- _TASK ITEM_
Set down, exactly and only, everything from the line containing "This is exact" down to the line containing "Blu-ray「HIROKI NANAMI One-man" in the data below; the pictures are not part of the copy.

******************************

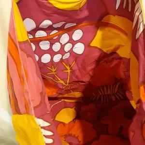 Huge cotton tote bag by Marimekko for target 2016 collaboration. albatross pattern, full floral lining. interior divinder pockets, zippered pocket and magnetic top clasp. in excellent condition, a few light marks in the yellow field and bottom, pictured.
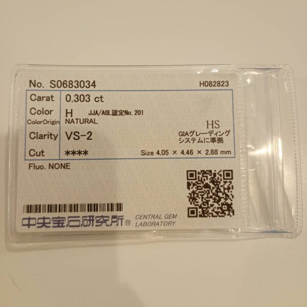 クラリティVS-2、蛍光性NONE(なし)というスペックが示す通り、お写真でも確認いただけるように、澄み切った輝きを放ちます。
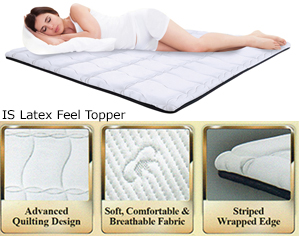 ![]() Latex Feel Topper * Advanced Quilting Design * Soft, Comfortable & Breathable Fabric * Striped Wrapped Edge * Turn Free * Anti-Dust Mite * Breathable System * Thickness 2" Single - RM 492 Super Single - RM 573 Queen - RM 654 King - RM 837 |
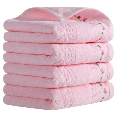REGALWOVEN Bathroom Home Decor Cotton Soft Absorbent Floral Embroidered Hand Towel 13" x 29" Pink 4 Pcs
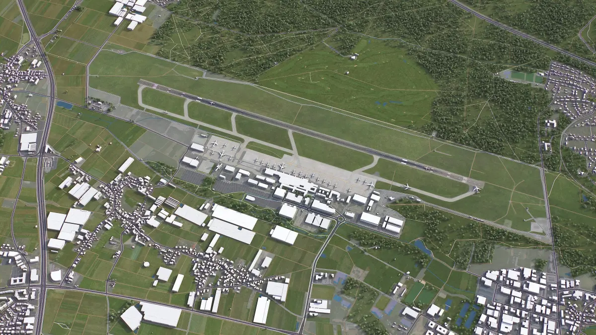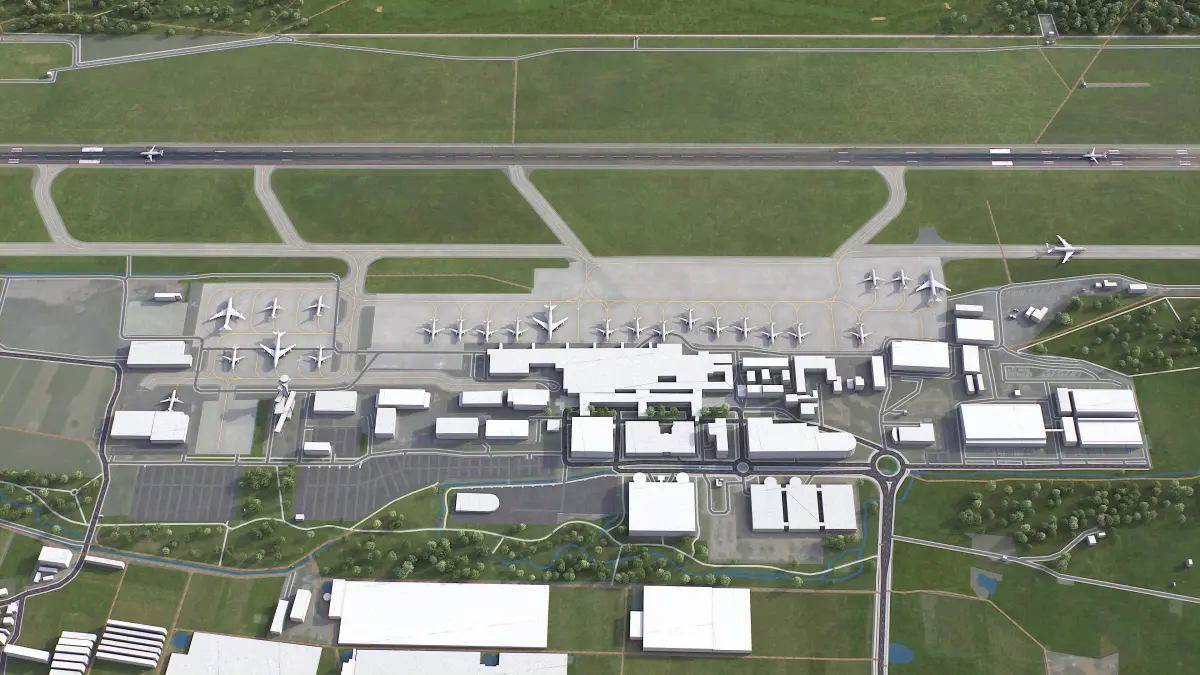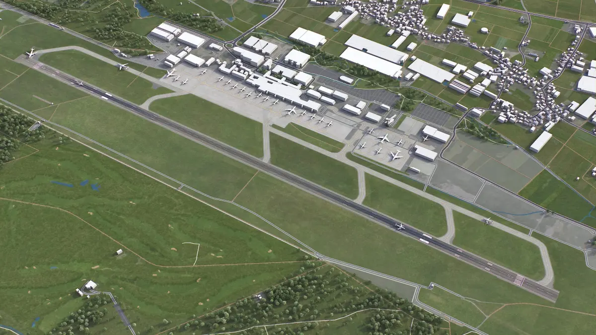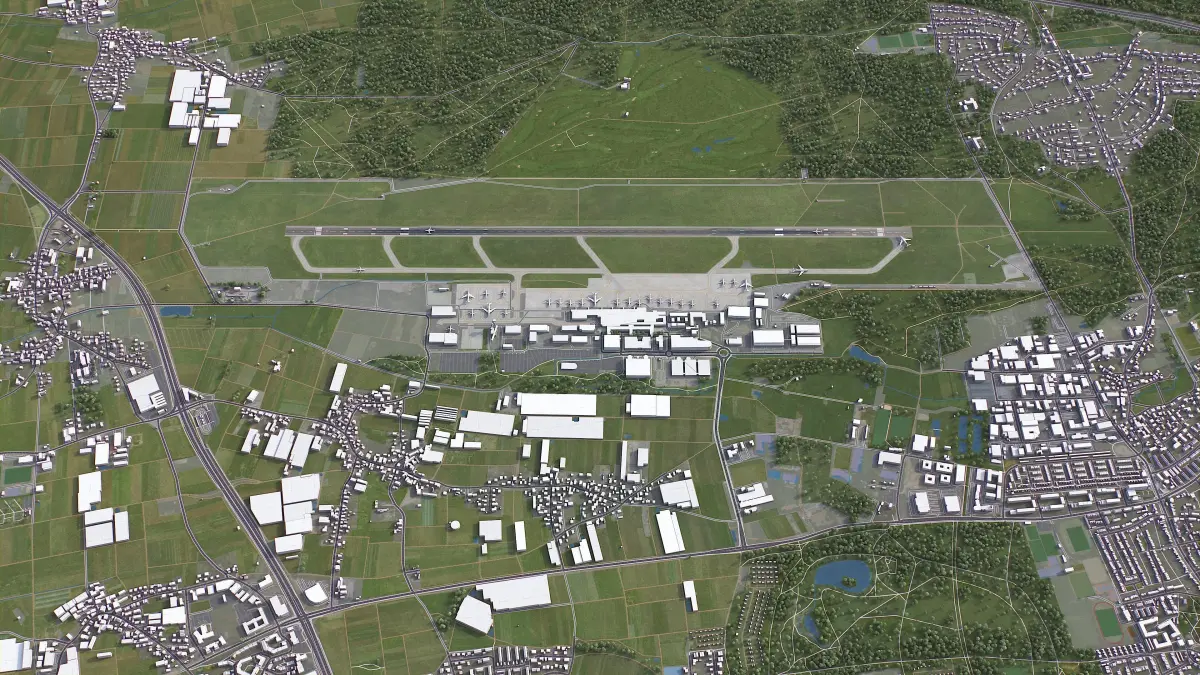 This is exact and accurate to-scale 3D model of Nuremberg Airport and its surrounding area based on GIS data (April 2022)
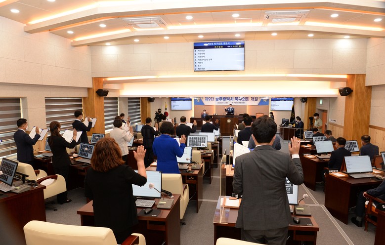 김형수 의장은 “제9대 북구의회가 임기 동안 초심을 잃지 않고 의회 본연의 기능을 다 하도록 구민과 소통하고 정책 역량을 높이는 데 최선을 다하겠다.”라고 말했다.
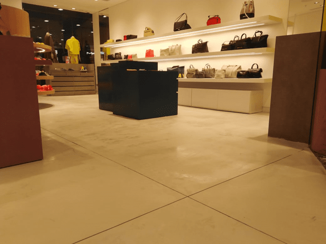 Para BIMBA Y LOLA, en el Mall Alto las Condes, Santiago, desarrollamos la asesoría y comercialización para la reparación de sus pisos con acabado cementicio a través de nuestro producto ARDEX SD-M™. El cual permite un acabo liso, permanente, artístico y duradero para pisos interiores.
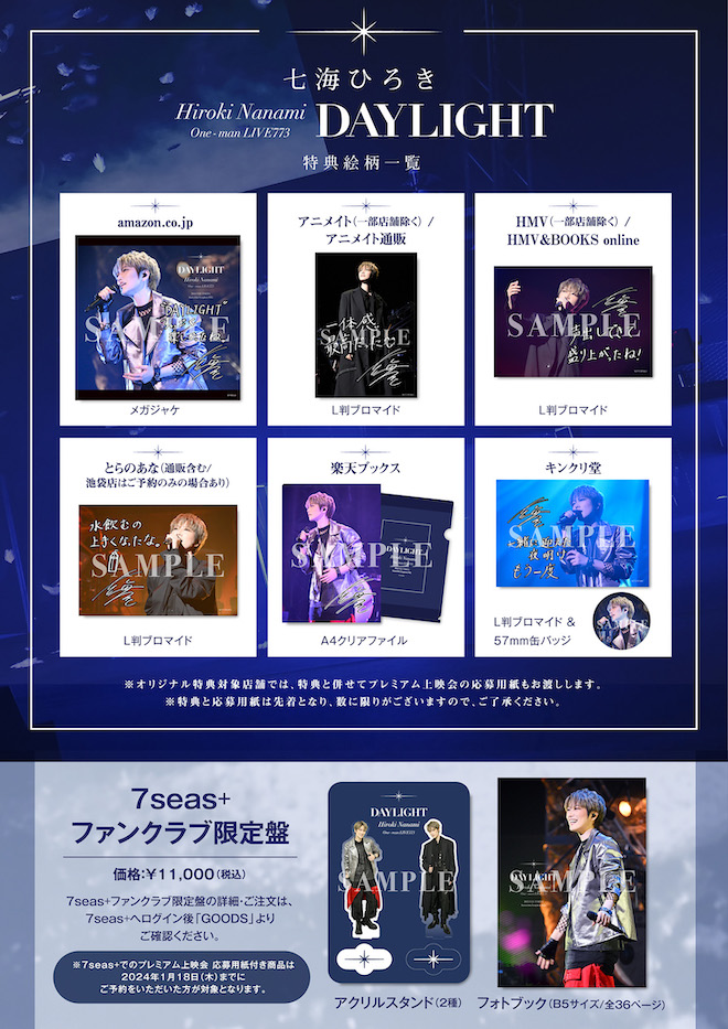 ・LIVE Blu-ray「HIROKI NANAMI One-man LIVE773 “DAYLIGHT”」特典一覧
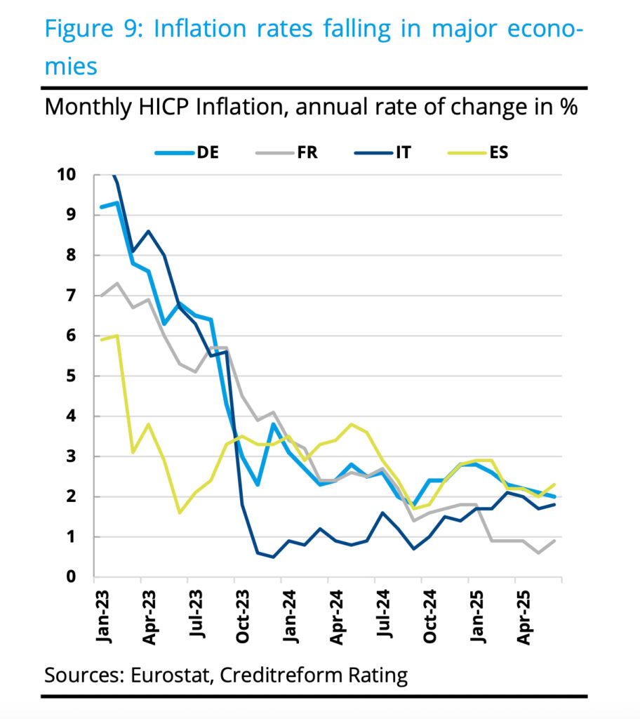 Die Gesamtinflation im Euroraum nähert sich mit einem erwarteten Stand von 2,0 Prozent Mitte 2025 dem Ziel der Europäischen Zentralbank (EZB). Der Inflationsdruck bleibt jedoch hoch, getrieben durch Lohnsteigerungen und nach wie vor hohe Dienstleistungspreise. Im Juni senkte die EZB ihren Einlagesatz auf 2,0 Prozent und sollte bis Jahresende eine weitere Reduktion auf 1,75 Prozent vornehmen.
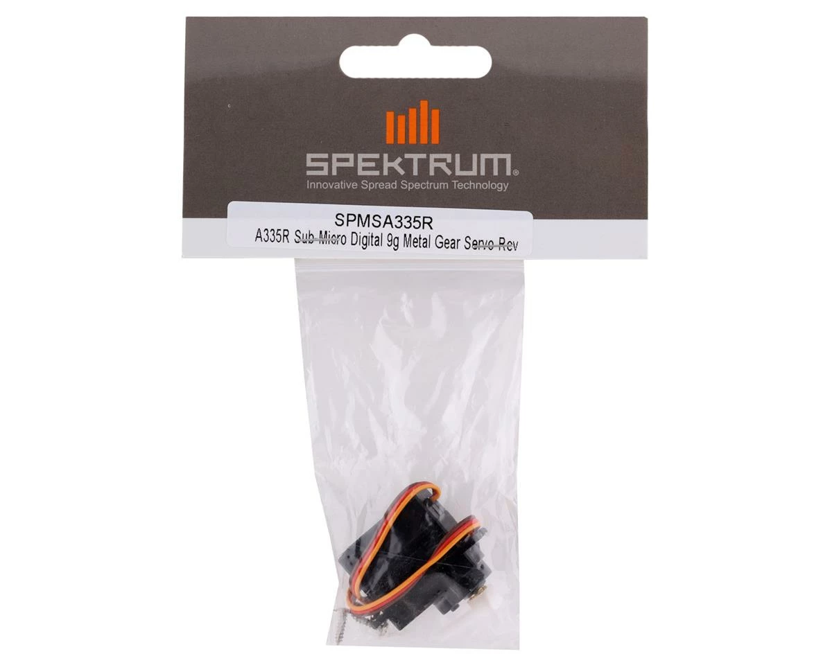 Spektrum RC A335R 9g Sub-Micro Metal Gear Digital Servo. This replacement servo is intended for the E-flite F-16 Falcon 80mm. Package includes one reversed servo.
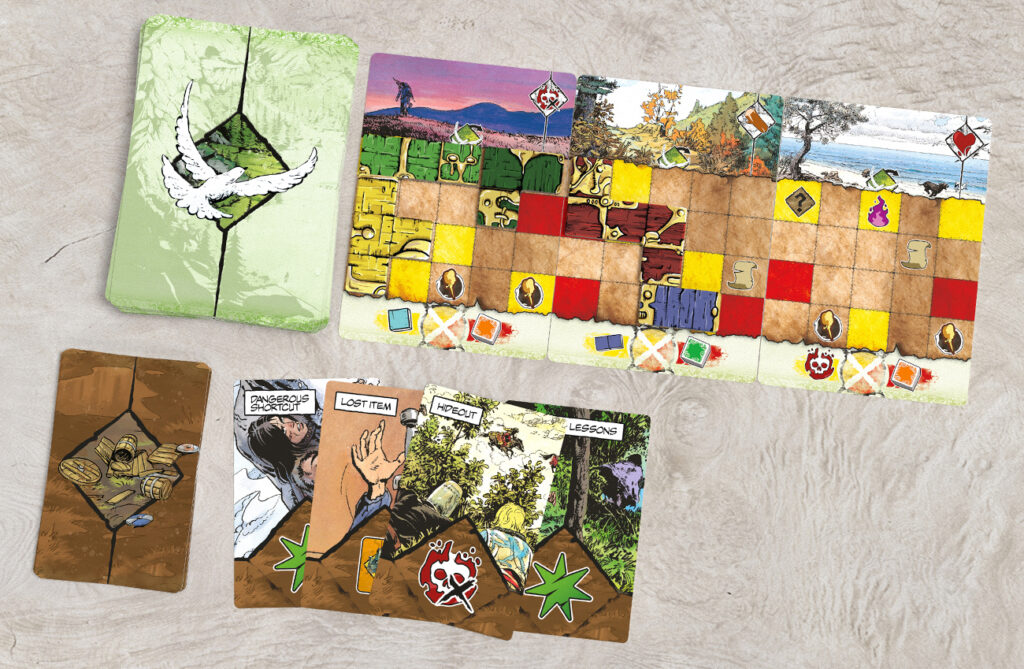 The journey action represents the exploration of a given area, moving within its boundaries, and searching for sources of resources, secrets, rumors, or unique finds. It is represented by a deck of cards on which players will mark the areas they are exploring. Each card contains interesting places where you can find metal, learn rumors, or even have an encounter – represented by the “?” icon.

******************************

- _TASK ANSWER_
 This is exact and accurate to-scale 3D model of Nuremberg Airport and its surrounding area based on GIS data (April 2022)
 김형수 의장은 “제9대 북구의회가 임기 동안 초심을 잃지 않고 의회 본연의 기능을 다 하도록 구민과 소통하고 정책 역량을 높이는 데 최선을 다하겠다.”라고 말했다.
 Para BIMBA Y LOLA, en el Mall Alto las Condes, Santiago, desarrollamos la asesoría y comercialización para la reparación de sus pisos con acabado cementicio a través de nuestro producto ARDEX SD-M™. El cual permite un acabo liso, permanente, artístico y duradero para pisos interiores.
 ・LIVE Blu-ray「HIROKI NANAMI One-man LIVE773 “DAYLIGHT”」特典一覧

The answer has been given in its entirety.